Grumpy flicked on the light and we stepped out, he with his MP5 silenced 9 millimeter assault rifle and I with my Remington 870 tactical 12 gauge shotgun. They stopped short, the women hanging back behind the men. "Hands up," said Grumpy.
They raised their hands. "Who are you?" said the older of the two men. "What do you want?"
"Not to worry, folks," said Grumpy. "This is just a precaution. We're looking for Mr. Robbins."

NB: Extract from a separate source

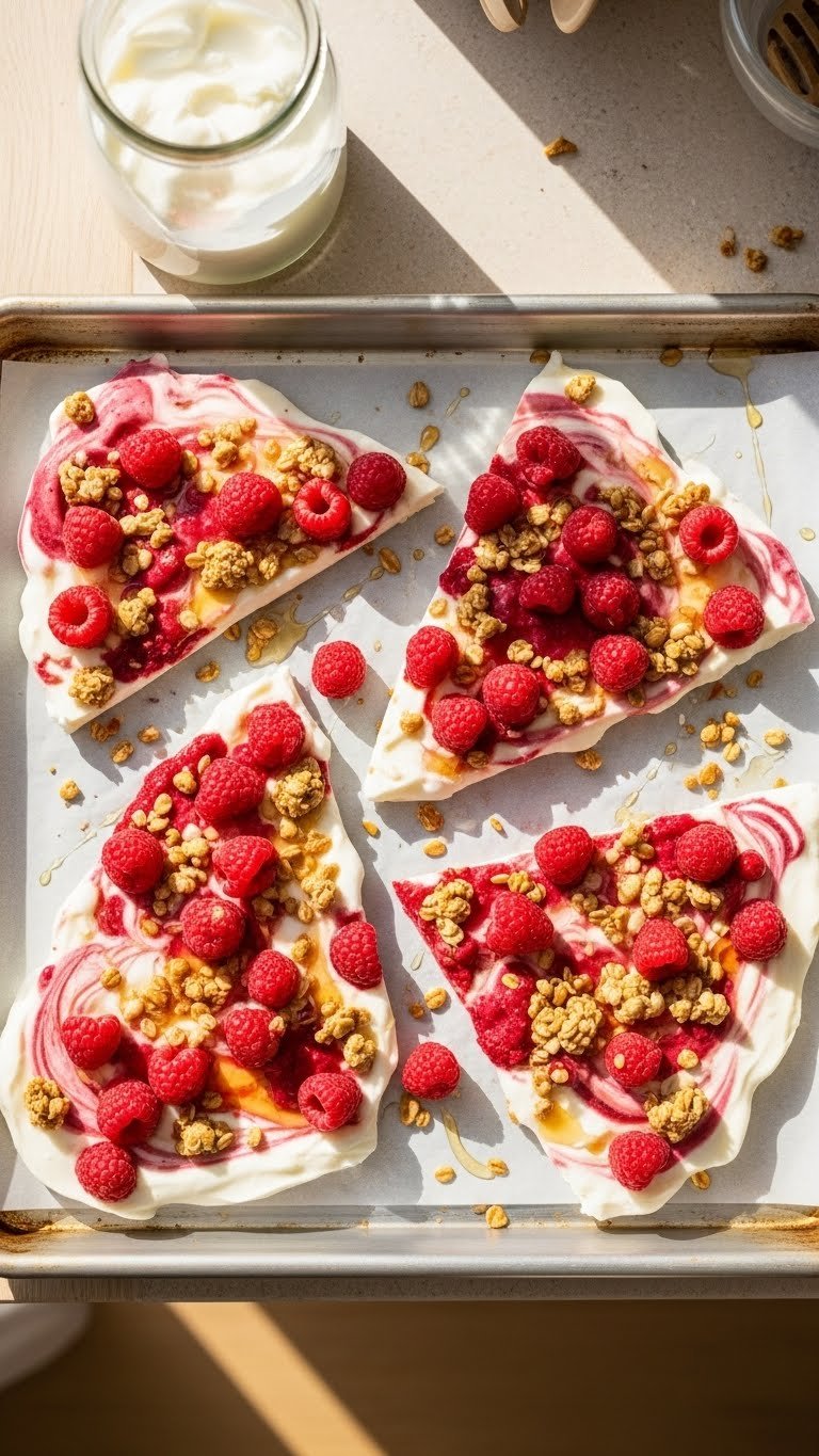 This raspberry frozen yogurt bark is cool, tangy, and delightfully crunchy. Thick yogurt spread with jammy raspberries and granola freezes into shards perfect for snacking. It’s a light dessert alternative that still satisfies cravings. Guests will love the creamy texture and fruity bursts.

"I'm Eric Robbins," said the older man. "This is my house."
"Is there anyone else in the attic, Mr. Robbins?"
"No."
At that precise moment a child's voice floated down, "Mommy, can we come down now?" I couldn't help smiling. Kids always say the darnedest things at the darnedest times, don't they?
The woman who'd had trouble with the folding steps was very pregnant, dressed in a baby blue maternity gown and black tights. Her long brown hair hung down about her swollen breasts. "No!" she said. "Stay there until I tell you."
"I have to go to the bathroom!"
"Be quiet," said Mommy.
"But Mohhhmmy," whined Grumpy. "I have to go to the baaathroom."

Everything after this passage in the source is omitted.